▶ Data in this exercise
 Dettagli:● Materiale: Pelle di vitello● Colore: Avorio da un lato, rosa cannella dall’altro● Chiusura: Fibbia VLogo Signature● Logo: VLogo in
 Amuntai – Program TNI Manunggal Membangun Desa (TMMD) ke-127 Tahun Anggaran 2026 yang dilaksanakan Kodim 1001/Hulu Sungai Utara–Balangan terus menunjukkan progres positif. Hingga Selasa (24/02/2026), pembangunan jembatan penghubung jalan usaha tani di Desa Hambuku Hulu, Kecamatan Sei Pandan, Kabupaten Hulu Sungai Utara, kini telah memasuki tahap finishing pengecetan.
---
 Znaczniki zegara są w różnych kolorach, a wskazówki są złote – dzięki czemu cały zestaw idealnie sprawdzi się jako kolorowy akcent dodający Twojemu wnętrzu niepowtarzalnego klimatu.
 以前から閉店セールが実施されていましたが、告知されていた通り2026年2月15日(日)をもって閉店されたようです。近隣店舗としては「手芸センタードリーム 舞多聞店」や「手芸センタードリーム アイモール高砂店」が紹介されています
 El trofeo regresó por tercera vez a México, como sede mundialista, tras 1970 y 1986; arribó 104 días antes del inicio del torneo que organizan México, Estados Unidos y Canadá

▶ What to do
Repeat word for word the lines above that run from the line containing "Dettagli:● Materiale: Pelle" through the line containing "Amuntai – Program", both ends included, and nothing else.

▶ Exercise output
 Dettagli:● Materiale: Pelle di vitello● Colore: Avorio da un lato, rosa cannella dall’altro● Chiusura: Fibbia VLogo Signature● Logo: VLogo in
 Amuntai – Program TNI Manunggal Membangun Desa (TMMD) ke-127 Tahun Anggaran 2026 yang dilaksanakan Kodim 1001/Hulu Sungai Utara–Balangan terus menunjukkan progres positif. Hingga Selasa (24/02/2026), pembangunan jembatan penghubung jalan usaha tani di Desa Hambuku Hulu, Kecamatan Sei Pandan, Kabupaten Hulu Sungai Utara, kini telah memasuki tahap finishing pengecetan.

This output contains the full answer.